Madam Speaker, Canada is complicit in torture. As the strong, proud and ready member of Parliament for Renfrew—Nipissing—Pembroke representing Garrison Petawawa, I refuse to be complicit, as do the soldiers who recorded it. I rise to defend the honour and reputations of the women and the men who serve as members of the Canadian Armed Forces, particularly when the Prime Minister and his party refuse to support soldiers in uniform. The reputation of Canada has been maligned by the government.
On June 4, I once again asked the Prime Minister why his party has taken the position to condone torture. I specifically asked why soldiers were instructed to ignore evidence of war crimes other than to protect the Prime Minister's decision to ignore the evidence. By ignoring very disturbing evidence of war crimes, then responding with a cover-up, the Prime Minister and the Liberals become a party to the crime. Responding on behalf of the Prime Minister, the Parliamentary Secretary to the Minister of National Defence does a disservice to all women and men in uniform and all Canadians with her cover-up comments.

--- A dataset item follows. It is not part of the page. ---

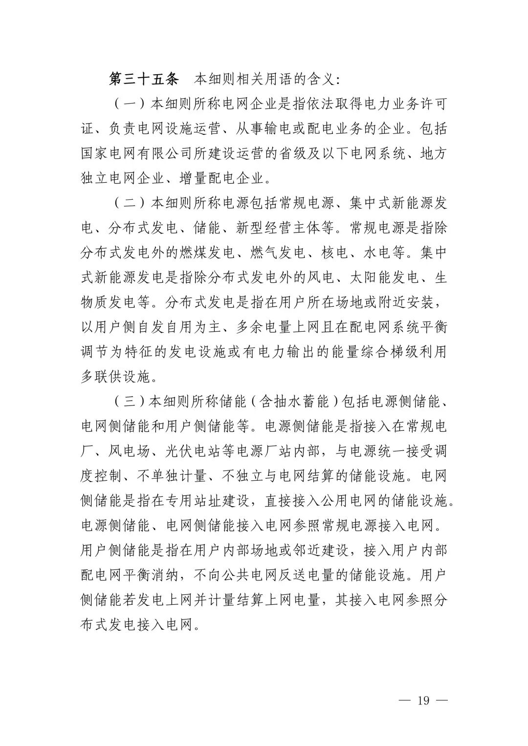 实施细则共七章三十七条,涵盖工作总体要求、各方责任、电源接入电网和电网互联的流程、时限、信息公开与信息报送、监管措施及法律责任、附则等方面。

This is about rape, torture and execution. Let us recap the story for Canadians so far. According to a Canadian Armed Forces briefing note, Canadian soldiers reported the presence of videos being circulated among troops they were tasked to provide training to showing evidence of war crimes being committed by the trainees. The graphic images included raping a girl to death, torturing and executing a line of bound prisoners by beating them to death with what appeared to be iron rods or rebar, executing prisoners lined up by shooting, and executing a man by hanging him from the barrel of a battle tank. At least seven Canadian, non-commissioned soldiers saw the footage. To their credit, they immediately reported the situation to their superiors.
The government claimed ignorance. The fact that the Prime Minister expects Canadians to believe he or the Minister of National Defence were not informed about the torture videos is a slap and a grope to Canadian democracy. That claim has about as much truth to it as the Prime Minister not knowing the Kielburgers from the WE Charity corruption scandal were paying hundreds of thousands of dollars to the Prime Minister's family members.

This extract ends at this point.